7. A method for aerial advertising using a drone carrying a flexible LED display screen according to claim 6, characterized in that, The method further includes: During the display of the advertisement, the pixel-level deviation between the actual displayed image and the expected image is obtained based on visual feedback; Based on the pixel-level deviation, each UAV sub-cluster generates real-time fine-tuning amounts for its own airspace coordinates and display parameters through a distributed algorithm; Based on the real-time fine-tuning, the control commands and display data of each UAV are updated to achieve dynamic stabilization and calibration of the image.
8. An aerial advertising system for a drone carrying a flexible LED display screen, implementing the aerial advertising method for a drone carrying a flexible LED display screen as described in any one of claims 1 to 7, characterized in that, include: The generation module is used to generate formation control instructions and task allocation information based on the requirements of aerial advertising tasks and preset advertising screen parameters, combined with UAV swarm control logic and airspace environment prediction data.
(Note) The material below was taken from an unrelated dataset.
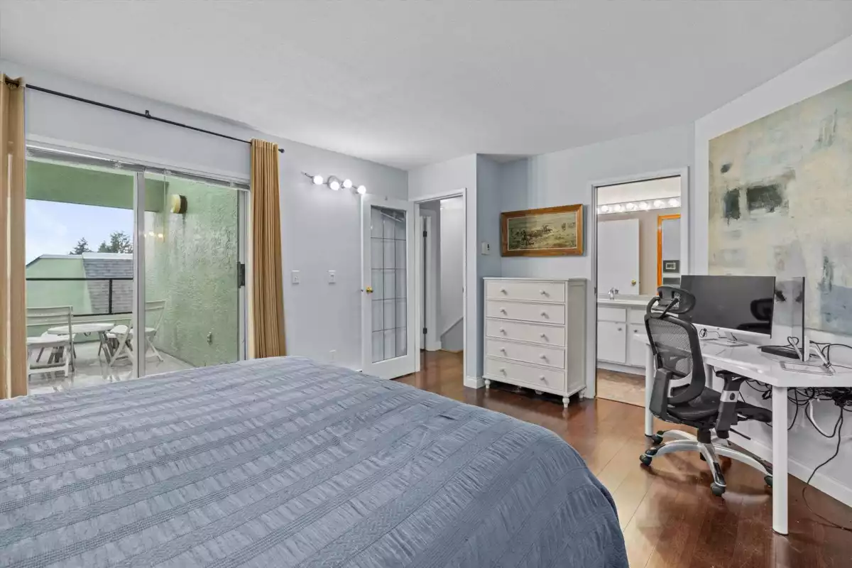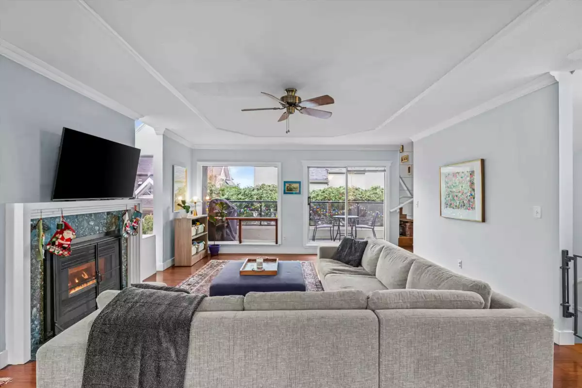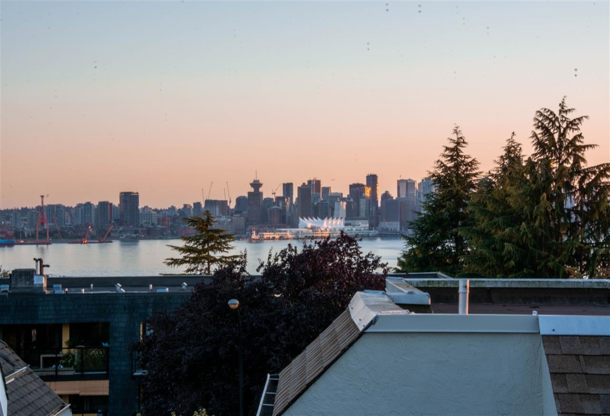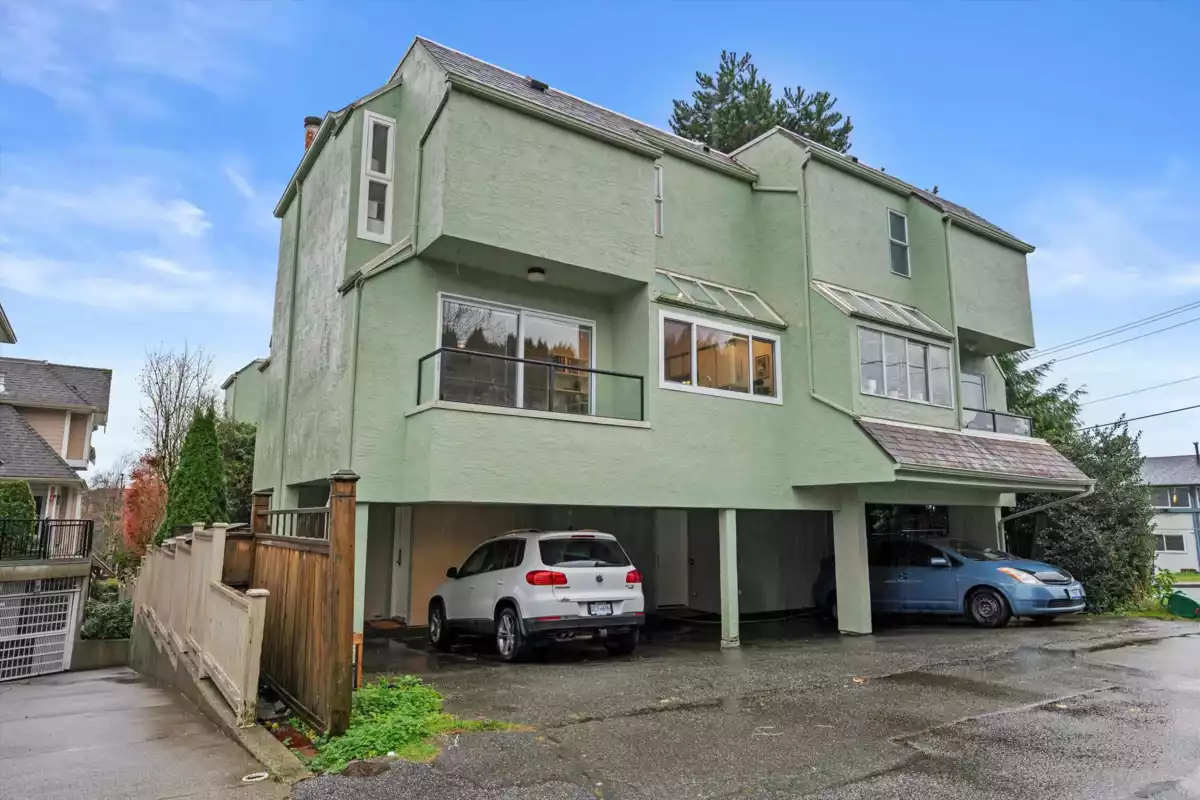 This bright, spacious 2-bed corner home stretches over 3 levels & 1,300+ sq ft of easy living. The top floor is your private retreat, with a generous primary bedroom, walk-in closet, en-suite, & a balcony with downtown views that never get old. The main level is a true standout; an airy open kitchen & living space absolutely drenched in natural light from skylights, 2 balconies, & several new windows plus a new balcony door. Downstairs adds laundry with brand-new machines, a powder room, crawl-space storage, a mini workshop for your inner tinkerer, an enclosed patio, & a two-car EV-ready carport with direct access. Pets are welcome in this proactive, friendly, relaxed, low-fee, self-managed community. Steps to all that Lower Lonsdale offers! OPEN CANCELLED, SORRY!

The initial formation control module is used to control the UAV cluster to take off asynchronously in stages according to the formation control instructions and task allocation information, and to complete the sub-cluster division and hierarchical formation calibration in the target airspace to form the initial cluster formation. The docking module is used to generate attitude adjustment commands and display splicing calibration commands based on the real-time spatial pose of each UAV in the initial cluster formation. Through attitude fine-tuning and display edge calibration, combined with optical compensation strategies, a complete advertising display surface is constructed. The processing module is used to perform viewpoint adaptation processing and partition pixel mapping on the original advertising data based on the spatial topology characteristics of the complete advertising display surface, and generate target video frame data that adapts to each display partition and meets the time synchronization requirements. The control module is used to generate display trigger commands based on a high-precision synchronous clock reference and the UAV display delay prediction results, and control each flexible LED display to synchronously play target video frame data.